さういふ譯で隨分研究とすれば、もう黴の生えて居る研究であります。その時に大體この支那の歴史の起源といふやうなものに就いて色々研究をして見ました。或はその中の研究で、私が先にやつたことを後に王國維氏がやつたのが、今日では王國維氏の創説のやうになつて居る部分なんぞありますが、ともかく一通り歴史の起源といふやうなことに就て、その時考へて見たのであります。その時講義しました歴史の起源は、多くは史料の起源、記録の起源といふやうなものに就てやりましたので、餘り歴史的思想の方の起源はやつて居らなかつたやうに思ひまして、それでその部分が缺けて居ると思ひまして、後(あと)でその要領だけを補つてその筆記の中へ挾んで居つたと思ひます。大分老衰の加減で記憶が惡くなつておりますから、間違つて居るかも知れません。

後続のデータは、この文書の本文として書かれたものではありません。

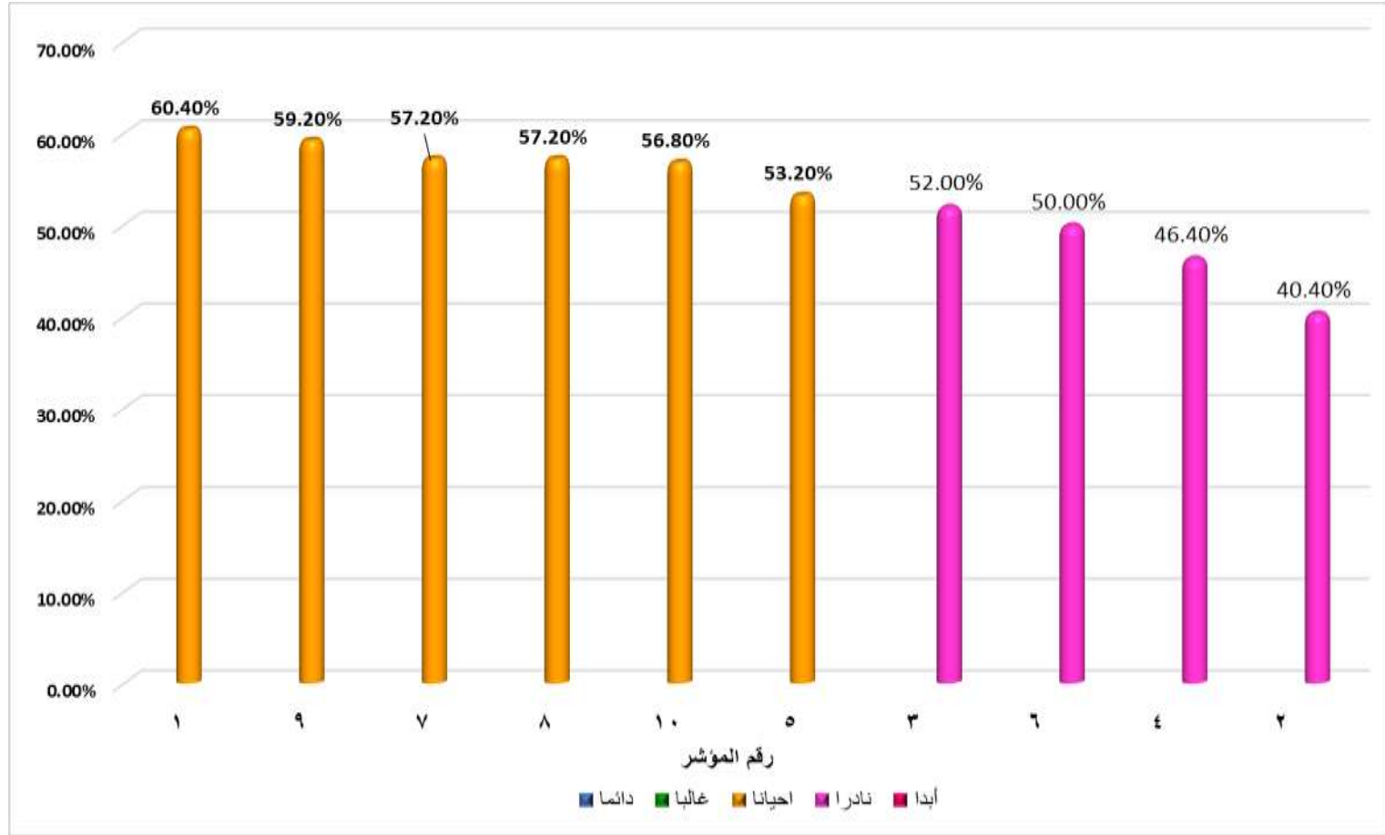
شكل (3) ترتيب مؤشرات معيار (مؤهلات أعضاء هيئة التدريس والأداء والنمو المهني لهم) وفقا لأوزانها النسبية

實は起源と申しましても、起源といふ方がよいのか、或はその歴史的思想が段々發達して居る徑路に及んで居るのでありますから、歴史的思想の發達と云ふ方がよいかも知れません。ともかくさういふ方のことに就て、色々の材料に就て考へました。
第一は比較的正確な記録の中に見えてゐる歴史的思想であります。支那の古記録、例へば經書といふやうなものでも、絶對に正確といふことを申しますのは餘程困難であります。先づ比較的正確と言ふより外致し方ありません。それでつまり尚書などが最も比較的正確な記録であると思ひますが、その尚書の中に、又最も比較的正確な部分があると思ひます。それはどういふことかと申しますと、周の初め、周公を中心として書いたものが最も比較的正確であらうと思ふのであります。今日の尚書の中の、確かだと言はれる今文尚書の中で、殊に周公に關することが比較的正確であると思ひます。その理由まで申すとなか/\長くなりますから、今日はお預りして置きます。でその周公に關係したことと申しますといふと、例へば大誥・康誥・酒誥・召誥・洛誥、之を五誥と申しますが、その五誥であるとか、或はそれに續いてあります所の無逸・君※・多士・多方・立政、さういふ諸篇は皆周公に關係したものであります。それが先づ大體に於て尚書の中でも比較的正確なものだと思ひます。しかし之に就て更に細かに考へて見ますと、その中でも純粹な記録で保存されたものといふものはなかなか無いのでありまして、一部分は記録、一部分は傳誦で傳はつて居つたやうな形であります。その中でも、記録として遺つた部分の多からうと思ひますのは今の五誥の種類でありまして、それに比べますと無逸とか君※とかいふやうなものは多少物語として遺つたかのやうに考へられる部分が多いのであります。尤もそれにしても、即ちそれが多少物語になつて遺つて居つたとしても、その物語は、或る新らしい時代に簡册に書かれたものでなくして、相當古い時代に書かれたものでないかと考へられます。それらの周公に關係しましたものの中で、最後に出て居りますのは立政篇でありますが、その中に使つてある文字、――妙なことから私考へ付いて居りますのですが、その中に助字の「矣」の字を使つて居ります。助字の「矣」の字を使つて居る篇は、周公に關係した諸篇の中で立政一つである。さうしてそれが詩經などの例に依りますと、「矣」の字が段々多く使はれて來て居りますのは、大體西周の末頃から東周の初め頃に出來ました詩に多いやうに考へられますので(1)、この立政などは少くとも周公に關する説話が、東周の初め迄の間に書かれたものではないかと思ひます。さうしてそれが周公に關係した諸篇の最後に出て居りますから、それ以外のものは大體それ以前に書かれたかと、まあ想像するのでありますが、まだそれを極めてはつきりと申上げる程研究はして居りませんです。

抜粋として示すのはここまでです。